The trajectory towards death looks different for patients with congestive heart failure, endstage renal disease, chronic obstructive pulmonary disease or that nebulous disorder, frailty, than it does for patients with cancer. But that’s more reason, not less, for palliative care consultation. The JAMA Internal Medicine study does not address the barriers to receiving palliative care faced by this under-served population. I suspect there are barriers both on the physician side and on the patient side. The medical profession—and particularly cardiologists, pulmonologists, nephrologists, and neurologists—needs to endorse palliative care for everyone with advanced, life-limiting disease. But patients and families can help, too. Just speak up.

June 20, 2016

No News Is Bad News

Every year since 2007, I’ve been commenting on the annual update to the report, Alzheimer’s Disease Facts and Figures. The report came out at the very end of March this year, as it usually does, but I didn’t notice. April was a busy month for me. May was even busier and June shows little indication of letting up, but I suddenly remembered that I hadn’t seen the latest report, let alone commented on it. Here are a few highlights.

Both the current prevalence of Alzheimer’s disease and predictions about the future remain stable—and grim. We’re at 5.2 million people over age 65, with 11 percent of those over age 65 and 32 percent of those over 85 afflicted. By 2025, unless something changes very soon, the number of Americans with Alzheimer’s will be 7.1 million and by 2050, it will be 13.8 million, reflecting both the graying and the growth of the population.

People with dementia continue to have other medical conditions and it is the combination that drives up hospitalization rates and health care costs. Among people with Alzheimer’s, 38 percent also have coronary artery disease, 37 percent also have diabetes, 29 percent have chronic kidney disease, 28 percent have heart failure, 25 percent have chronic obstructive pulmonary disease, and 22 percent have stroke. There are, of course, other concomitant conditions—13 percent have cancer—but these are the big six. And because it’s so much harder to diagnose and to treat people who have an acute medical problem and also dementia, the hospitalization rate among older people with Alzheimer’s (plus whatever is sending them to the hospital) is now 538/1000, compared to just about half that, or 266/1000 among people who are over 65 but don’t have Alzheimer’s.

The cost of care for people with dementia is mind boggling. It’s always a bit tricky to compute a single number, but the best estimates are that the combination of health care costs, including hospice, and long term care costs is now $236 billion a year, of which Medicare and Medicaid pay 68 percent ($160 billion) and patients and families pay 19 percent ($46 billion) out of pocket.

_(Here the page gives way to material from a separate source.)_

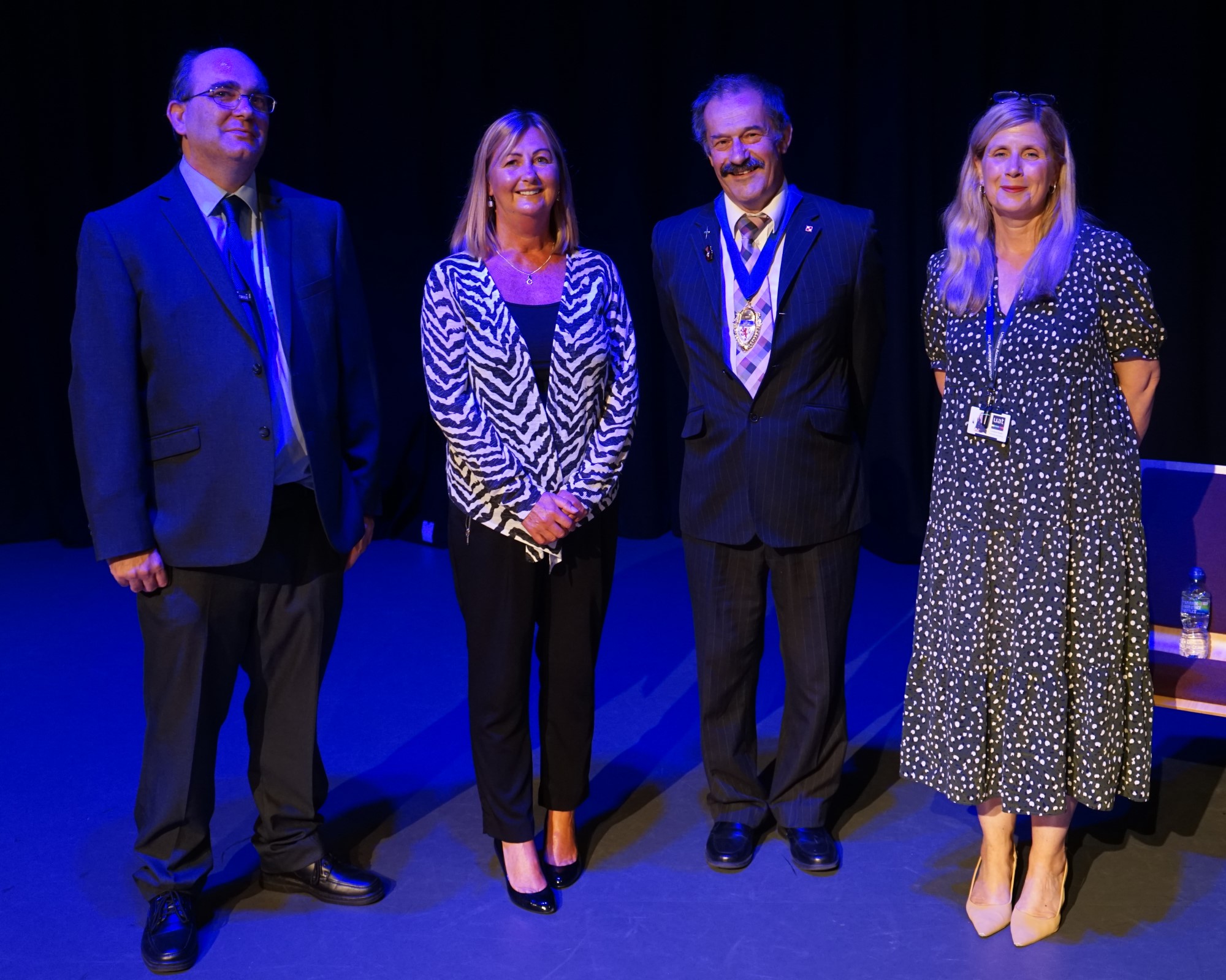 Left to right: Gary Vine (Civic Award Publicist & Business Administrator), Karen Thomson (Award Founder & coordinator), Councillor Percy Prowse (deputy Devon major) and Lorraine Heath OBE (Chief Executive Officer, Uffculme Academy Trust)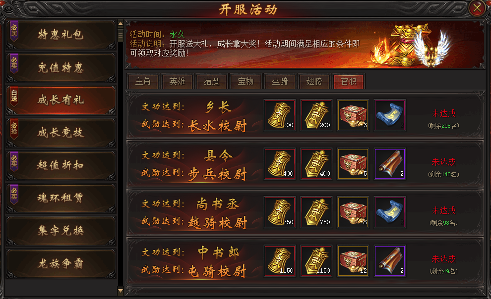 到達對應的官職可以獲得對應的成長有禮獎勵

To provide a little variety to the reports, which are otherwise depressingly similar every year, the Alzheimer’s Association always includes a special section on a new topic. This year’s special report is on the financial impact of Alzheimer’s disease on families, who provide over 80 percent of the personal help that people with dementia require. The conclusion from in depth interviews of a sample of caregivers is that taking care of someone with dementia can jeopardize the ability of the caregivers to buy food, it can jeopardize their personal health, and it threatens their financial security.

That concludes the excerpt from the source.